Tumor proportion score (TPS) for PD-L1, as determined by immunohistochemistry (IHC), is associated with improved treatment efficacy of PD-1 axis inhibitors, such as pembrolizumab (9, 10). Clinical trials have demonstrated the efficacy of pembrolizumab for NSCLC patients with PD-L1 TPS ≥50% or ≥1% (5, 7, 8). Since PD-L1 IHC determines the treatment strategy for NSCLC patients (5, 7-10), an accurate evaluation of PD-L1 expression by IHC is essential.
The evaluation of IHC expression can be affected by technical issues, including formalin fixation time. According to the guidelines established by the American Society of Clinical Oncology (ASCO) and the College of American Pathologists (CAP) for HER2 testing, specimens should be fixed in 10% neutral buffered formalin for 6-72 h (11). According to the ATLAS of PD-L1 IHC testing in lung cancer, published by the International Association for the Study of Lung Cancer (IASLC), a formalin fixation time of 6-48 h is recommended for PD-L1 IHC evaluation using the 22C3 assay (12). During PD-L1 evaluation with the SP263 assay, a reasonable formalin fixation time is considered to be 6-72 h (13). Although upper limits for the formalin fixation period have been imposed, the data on which these limits are based, are poorly documented. Therefore, it is important to experimentally verify the appropriate formalin fixation time for PD-L1 evaluation by IHC. In the present study, we investigated the association between formalin fixation time and PD-L1 expression in NSCLC patients, and clarified the optimal duration of fixation for accurate PD-L1 evaluation by IHC.
Materials and Methods
Patients and sample processing. We collected a total of 55 NSCLC samples from resected lungs at Kobe City Medical Center General Hospital from February 2017 to December 2017. We excluded specimens diagnosed with adenocarcinoma in situ and minimally invasive adenocarcinoma, because sufficient tumor cells were needed for PD-L1 interpretation. The tumor samples of the resected lung specimens were divided into two parts and both were immediately placed in 10% buffered formalin. One portion of each tumor sample was fixed for 12-24 hours to ensure adequate fixation (normal fixation), which is the duration recommended by established guidelines (12, 13). The other portion was fixed for 96-120 hours (prolonged fixation) (Figure 1). Following fixation, each tumor block was immediately processed for paraffin embedding. The PD-L1 in the resulting paraffin-embedded (FFPE) tumor blocks was then assessed using IHC to establish their TPS.

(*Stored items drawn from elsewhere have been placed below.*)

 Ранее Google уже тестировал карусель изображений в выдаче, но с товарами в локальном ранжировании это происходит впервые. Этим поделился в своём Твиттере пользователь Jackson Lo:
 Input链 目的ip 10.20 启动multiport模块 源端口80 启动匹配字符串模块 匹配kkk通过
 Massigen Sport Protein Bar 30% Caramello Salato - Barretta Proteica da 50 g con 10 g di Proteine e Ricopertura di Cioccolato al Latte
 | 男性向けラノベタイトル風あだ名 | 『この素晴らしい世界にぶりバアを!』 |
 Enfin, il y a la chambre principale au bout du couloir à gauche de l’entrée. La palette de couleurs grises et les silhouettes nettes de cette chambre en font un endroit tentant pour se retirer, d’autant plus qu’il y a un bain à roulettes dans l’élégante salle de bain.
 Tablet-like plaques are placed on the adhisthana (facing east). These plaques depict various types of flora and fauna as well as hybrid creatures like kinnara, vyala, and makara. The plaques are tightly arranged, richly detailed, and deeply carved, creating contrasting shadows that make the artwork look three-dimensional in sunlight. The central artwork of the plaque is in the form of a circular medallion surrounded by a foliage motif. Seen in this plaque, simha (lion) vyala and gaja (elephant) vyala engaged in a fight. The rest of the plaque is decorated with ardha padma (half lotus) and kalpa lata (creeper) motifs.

Patients who reported never having smoked were defined as non-smokers, those who had smoked within 1 year of NSCLC diagnosis were categorized as current smokers, and the remaining patients were considered former smokers. All patients were classified on the basis of clinical stage according to the 7th edition TNM classification (14). All tumor specimens included in the pathological analysis were obtained with informed consent. The study was approved by the Ethics Committee of Kobe City Medical Center General Hospital (Hyogo, Japan). The research was conducted in accordance with the Declaration of Helsinki (15).

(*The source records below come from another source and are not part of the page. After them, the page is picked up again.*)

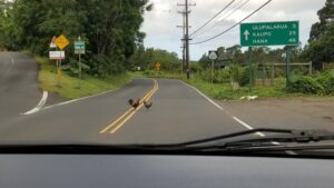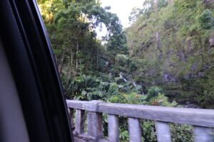 After about 45 min of driving, it becomes clear that we have entered the “reverse-road-to-Hana” drive. It gets curvy, like, really curvy, and hilly – you’re not only feeling the side-to-side curves but the up-and-down hills too. If you drive over 35 MPH, it’ll sometimes feel like you’re driving on a mild roller coaster. If you even have a slight chance of getting car/motion sick, we strongly recommend either taking the regular Road to Hana or taking some motion sickness medicine. Also, you’ll need to get your medicine in advance prior to starting this trek, by the way. By the time we were on this portion of the road, we had long past Target or any store that might have Dramamine. To give you an idea of the road we were on, even when driving, I felt a little car sick – it was weird. We used Dramamine and/or those wrist bracelets that use pressure points to help with motion sickness. Both seemed to have done the trick for us.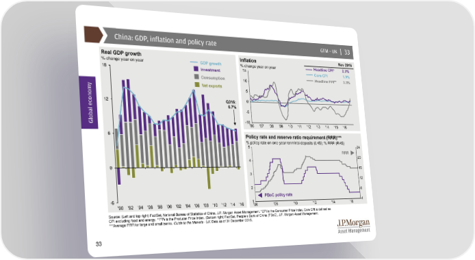 China: GDP, inflation and policy rate GTM –UK | 33 Real GDP growth Inflation Nov 2016 % change year on year GDP growth % change year on year Headline CPI* 2.3% 18 Investment CoreCPI 1.9% Consumption Headline PPI** 3.3% y Net exports 12 Q316: 6.7% Global econom 6 Policy rate and reserve ratio requirement (RRR)*** % policy rate on one-year renminbi deposits (LHS); % RRR (RHS) RRR 0 -6 PBoC policy rate '90 '92 '94 '96 '98 '00 '02 '04 '06 '08 '10 '12 '14 '16 Source: (Left and top right) FactSet, National Bureau of Statistics of China, J.P. Morgan Asset Management. *CPI is the Consumer Price Index. Core CPI is defined as CPI excluding food and energy. **PPI is the Producer Price Index. (Bottom right) FactSet, People’s Bank of China (PBoC), J.P. Morgan Asset Management. ***Average RRR for large and small banks. Guide to the Markets - UK. Data as of 31 December 2016. 33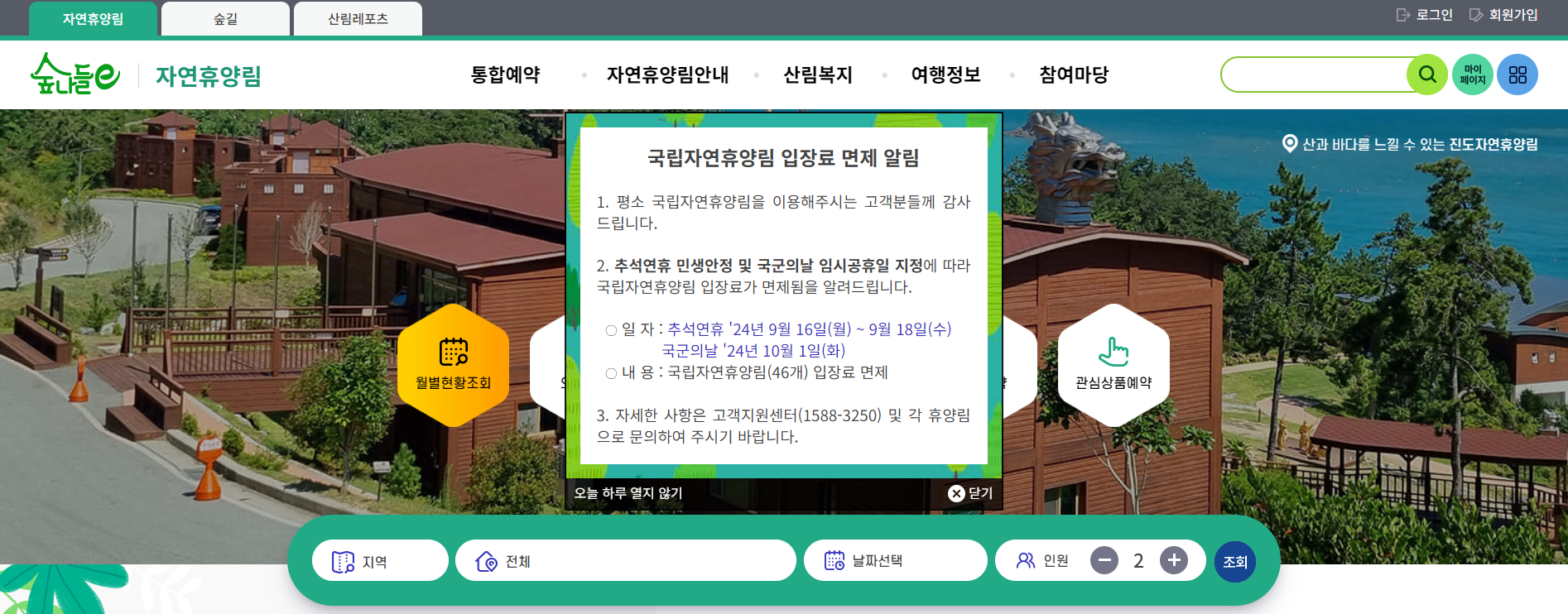 오늘은 포스팅을 통해 국립자연휴양림의 예약방법과 이용 시 알아두면 좋은 사항들을 소개해드리겠습니다.

Evaluation of tissue IHC. Two assay systems (22C3 and SP263) were used to evaluate the expression of PD-L1 by IHC in NSCLC specimens. Tissue sections (4 μm thick) were cut serially from FFPE tumor blocks and were then routinely deparaffinized and rehydrated. For the 22C3 assay, sections were stained with PD-L1 22C3 mouse monoclonal primary antibodies using the EnVision FLEX visualization system on a Dako Autostainer Link 48 system (Agilent Technologies, Santa Clara, CA) (16, 17). For the SP263 assay, sections were stained with rabbit monoclonal primary antibodies and a matched rabbit immunoglobulin G-negative control with an OptiView DAB IHC Detection Kit on a BenchMark XT automated staining platform (Ventana Medical Systems, Tucson, AZ) (13).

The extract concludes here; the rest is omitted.